Did he offer or accept transparency? Or do you just gotta get over it? What's he willing to do to help you?

ETA: how much longer? As long as it takes you and as long as he can stand? What's with the timeline? He betrayed you in a horrible way and I think he's still cheating if he gets defensive when you ask questions. And there is a difference between defensive and frustrated about the continued lack of trust.


----------



## jennz (Jul 14, 2012)

Cherry, you are correct, I am not really sure if it was frustration or being defensive. I guess only time will tell, perhaps defensive was too harsh of a word. He has agreed to transparency, so we will see how it goes, how transparent he actually becomes will give me the answer.


----------



## Cherry (Sep 23, 2009)

There comes a point where you do bear some of the responsibility to move forward. In my case, I still question when I see a strange number on his phone, or I search his history. Those times are becoming less because I never do find anything... It's been a year or so. And he has been the calm for me when my fire starts igniting... He reassures me that everything is on the right path and that he cares about his family unit more than anything. He goes so far as to ask how else he can prove it. I tell him to just continue to calm me when I have a trigger.

Good luck to y'all 

ETA: he does come off frustrated at times... I call him on it and ask him how frustrated do you think I was trusting you were being a faithful H for all that time you were fvcking around on me? It's not real productive, but it happens and we argue and calm down and discuss and get things back in prospective. It does take some work and strength.


----------



## Chris Taylor (Jul 22, 2010)

Because he (and I) have been unfaithful, we have to expect a certain amount of anxiety and suspicion from out partners and when something triggers this, we have to fully understand our partner's reactions.

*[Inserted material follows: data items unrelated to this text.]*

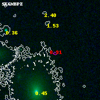 Object #8918 x,y = (4123, 3820) RA, Dec = (04:54:08.976, 02:55:41.16) = (73.53740, 2.92810) BPZ = 0.913 [0.319--4.341] type = 8.00 (SB1_B10) chisq2 = 1.03 ODDS = 0.13 z_cluster = 0.203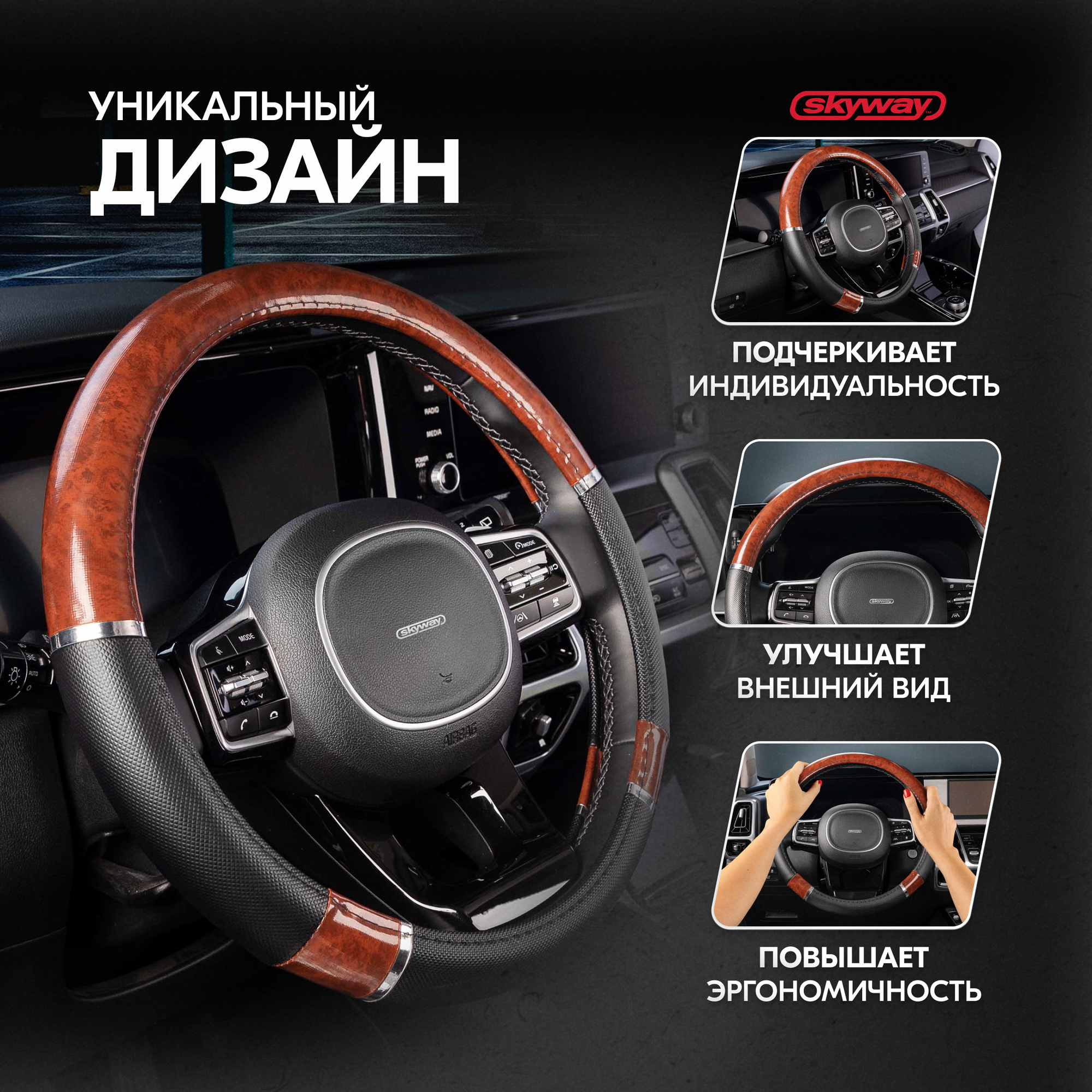 Оплетка экокожа M Wood- 8 SKYWAY Черно/Коричневая (S01102058) интересное: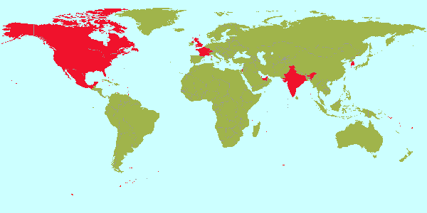 For the geographically challenged: U.S.A, Canada, Mexico, Jamaica, South Korea, India, Israel, U.K., Switzerland, France, and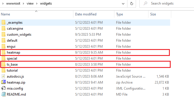 - Unzip the file 'heatmap.zip' into C:\inetpub\wwwroot\view\widgets folder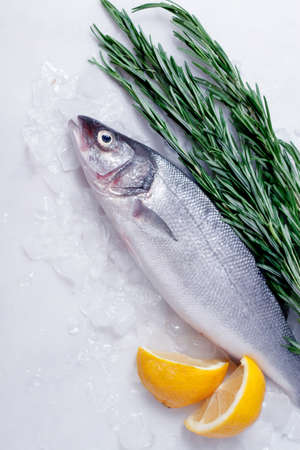 Raw sea bass on ice with rosemary, thyme and lemon. Gray background, top view

But there does have to come a point where you can move forward and despite all he has done and what people here tell you he has to do, the only person who can move forward is you.

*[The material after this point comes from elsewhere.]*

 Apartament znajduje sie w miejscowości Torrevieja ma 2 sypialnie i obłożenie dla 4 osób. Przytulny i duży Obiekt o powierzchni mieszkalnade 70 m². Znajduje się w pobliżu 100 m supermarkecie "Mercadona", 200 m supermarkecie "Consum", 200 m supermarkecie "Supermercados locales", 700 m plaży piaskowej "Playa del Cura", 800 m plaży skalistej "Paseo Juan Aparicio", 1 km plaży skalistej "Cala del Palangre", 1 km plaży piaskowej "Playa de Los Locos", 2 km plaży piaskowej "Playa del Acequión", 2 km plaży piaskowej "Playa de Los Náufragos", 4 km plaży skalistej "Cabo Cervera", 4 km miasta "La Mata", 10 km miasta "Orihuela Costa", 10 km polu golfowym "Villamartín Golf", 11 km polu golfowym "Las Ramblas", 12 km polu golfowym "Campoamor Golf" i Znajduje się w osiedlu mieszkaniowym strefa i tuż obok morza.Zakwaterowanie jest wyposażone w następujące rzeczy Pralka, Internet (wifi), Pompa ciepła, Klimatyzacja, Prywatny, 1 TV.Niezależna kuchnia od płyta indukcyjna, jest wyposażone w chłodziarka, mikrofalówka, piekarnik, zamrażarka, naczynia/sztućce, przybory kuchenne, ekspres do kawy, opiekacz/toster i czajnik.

After 5 years I told my wife that I have done everything she asked... transparency, openness, communication but whenever there was a disagreement, my affair was the fallback position to fight from.

I don't like to use the words "get over it" but eventually you do have to do that. Whether it's "forgive, but never forget" or "trust, but verify" or whatever words you use, if you can't move forward the relationship will never heal.


----------



## jennz (Jul 14, 2012)

I like the trust but verify phrasing, that is exactly where I am emotionally and where I think I will remain for at least a little while. I really want to trust him and I believe that I do, it is just that every once in a while I get an unsure feeling and would like to verify. Thank you for that, I will use that phrasing with him!!!


----------



## Chris Taylor (Jul 22, 2010)

jennz said:


> I like the trust but verify phrasing, that is exactly where I am emotionally and where I think I will remain for at least a little while. I really want to trust him and I believe that I do, it is just that every once in a while I get an unsure feeling and would like to verify. Thank you for that, I will use that phrasing with him!!!



I have to give full attribution to Ronald Reagan on that phrase.


----------



## Goldmember357 (Jan 31, 2012)

NO YOU SHOULD NOT

LEAVE

you are only setting yourself up for future heartache. but its whatever people rarely listen to good advice


----------